Directions for this task
Among the lines of the listing below, retype exactly those from the one containing "Professional plastic surgeon" through the one containing "- Кровать с", both included. Do not include pictures.

Record excerpts
★ ★ ★
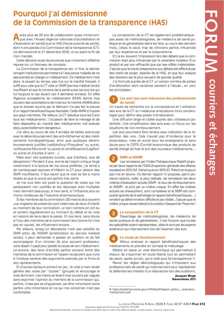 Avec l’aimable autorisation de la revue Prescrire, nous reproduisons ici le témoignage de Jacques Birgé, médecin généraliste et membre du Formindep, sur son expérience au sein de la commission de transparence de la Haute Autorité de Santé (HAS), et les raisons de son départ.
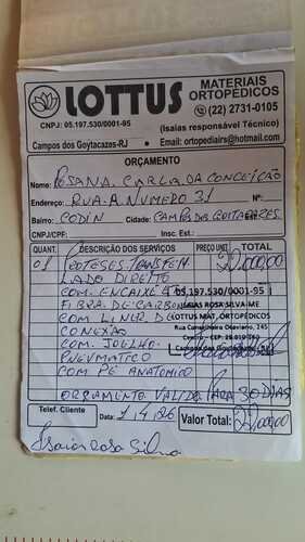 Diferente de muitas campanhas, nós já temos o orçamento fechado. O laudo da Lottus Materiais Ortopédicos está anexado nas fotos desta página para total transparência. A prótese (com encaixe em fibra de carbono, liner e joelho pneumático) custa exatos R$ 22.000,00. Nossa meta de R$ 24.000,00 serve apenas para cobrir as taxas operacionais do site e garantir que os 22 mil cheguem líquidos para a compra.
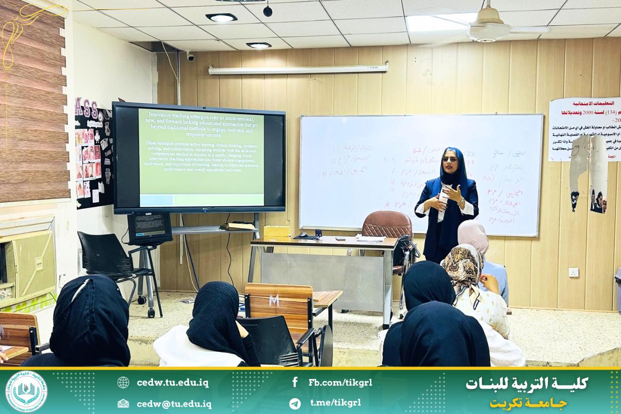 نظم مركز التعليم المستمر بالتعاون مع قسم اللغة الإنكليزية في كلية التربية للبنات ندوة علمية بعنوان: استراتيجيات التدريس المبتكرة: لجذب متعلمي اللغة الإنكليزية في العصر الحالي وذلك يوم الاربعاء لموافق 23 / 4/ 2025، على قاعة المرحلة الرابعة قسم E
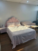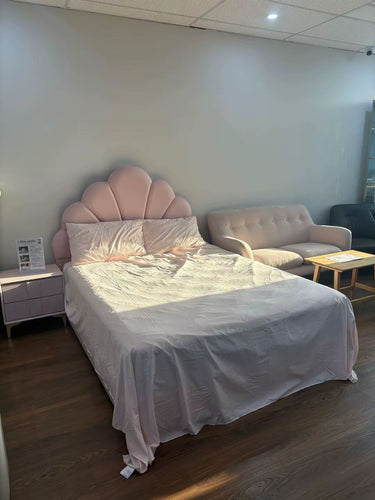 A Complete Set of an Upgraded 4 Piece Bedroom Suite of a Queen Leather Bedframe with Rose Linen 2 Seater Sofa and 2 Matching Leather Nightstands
★ ★ ★
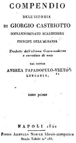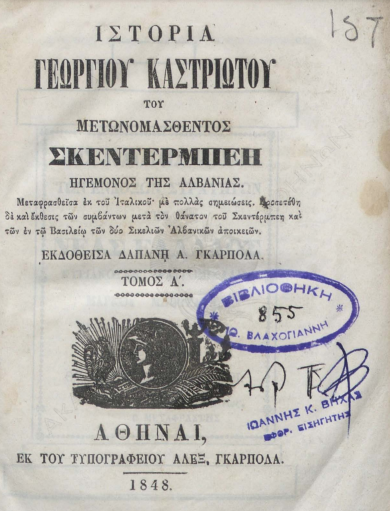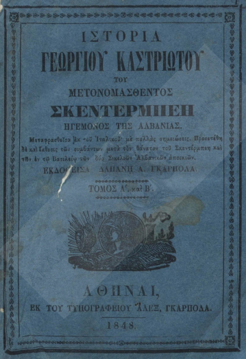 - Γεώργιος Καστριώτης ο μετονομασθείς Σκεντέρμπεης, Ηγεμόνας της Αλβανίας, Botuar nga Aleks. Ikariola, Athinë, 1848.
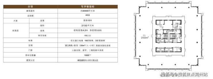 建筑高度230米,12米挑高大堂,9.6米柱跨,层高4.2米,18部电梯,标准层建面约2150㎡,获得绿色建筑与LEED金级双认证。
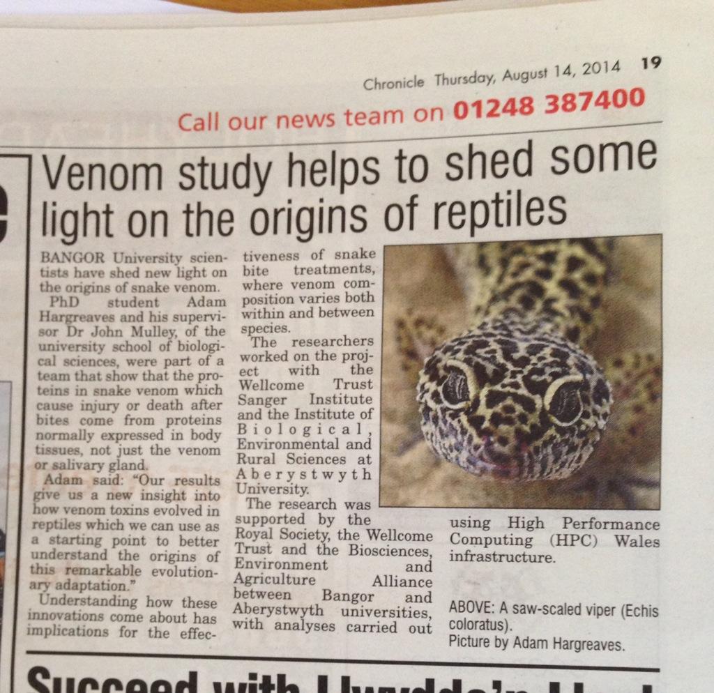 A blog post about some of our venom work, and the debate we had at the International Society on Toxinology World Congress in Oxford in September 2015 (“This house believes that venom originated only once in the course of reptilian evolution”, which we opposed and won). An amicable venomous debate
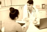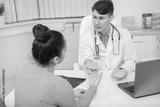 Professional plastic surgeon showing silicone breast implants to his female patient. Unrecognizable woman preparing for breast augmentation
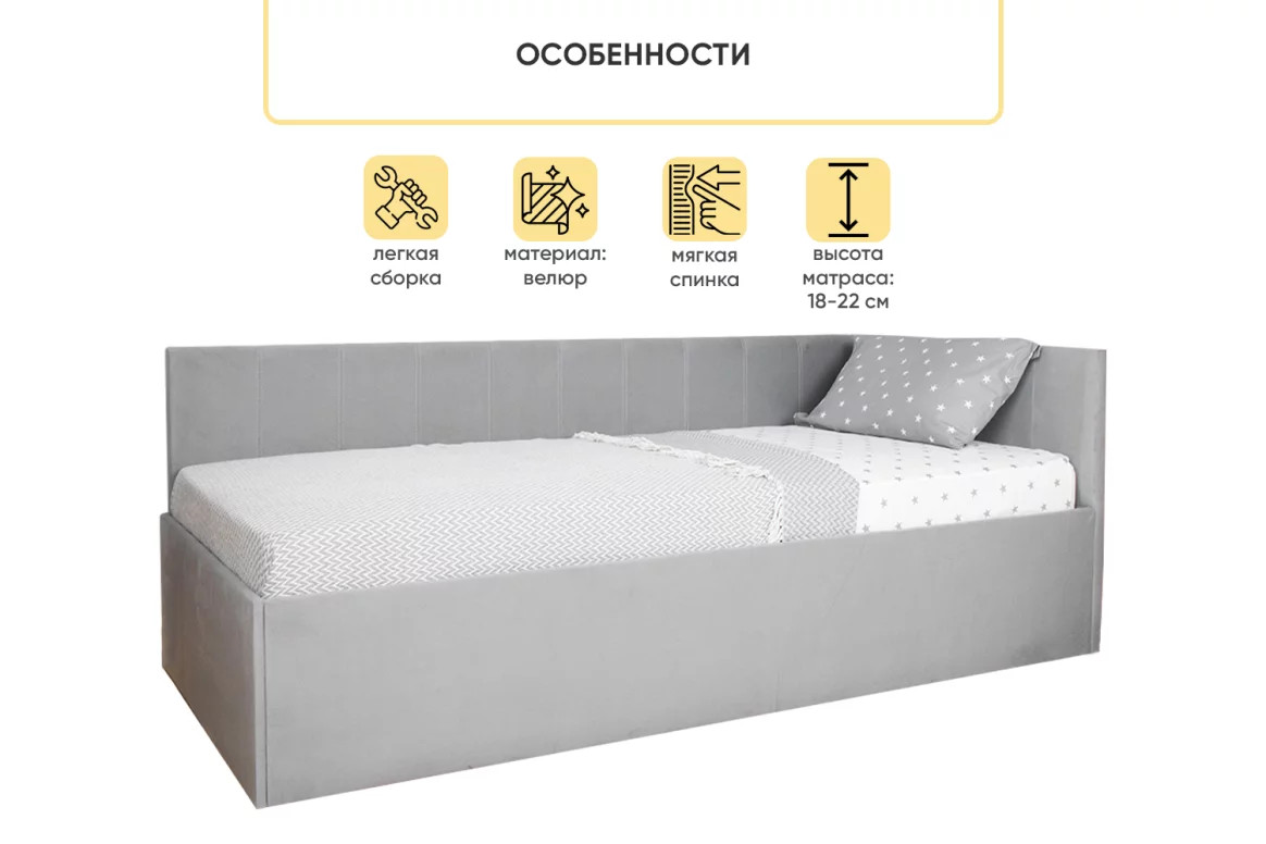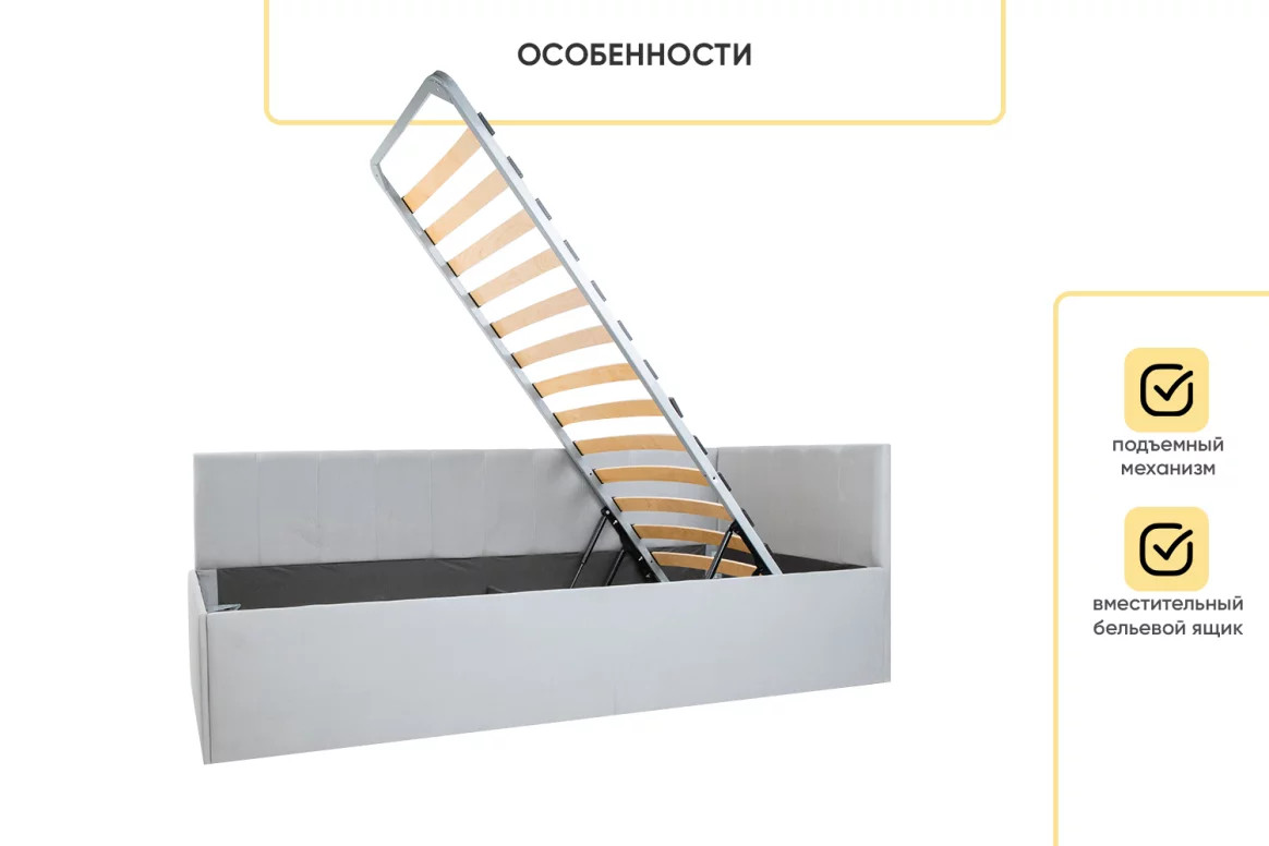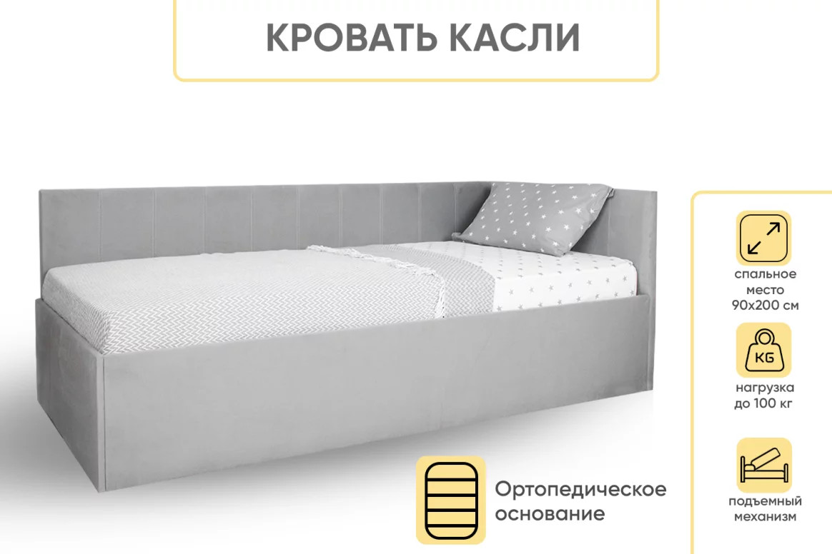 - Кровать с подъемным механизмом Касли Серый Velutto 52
★ ★ ★
Exercise output
 Professional plastic surgeon showing silicone breast implants to his female patient. Unrecognizable woman preparing for breast augmentation
 - Кровать с подъемным механизмом Касли Серый Velutto 52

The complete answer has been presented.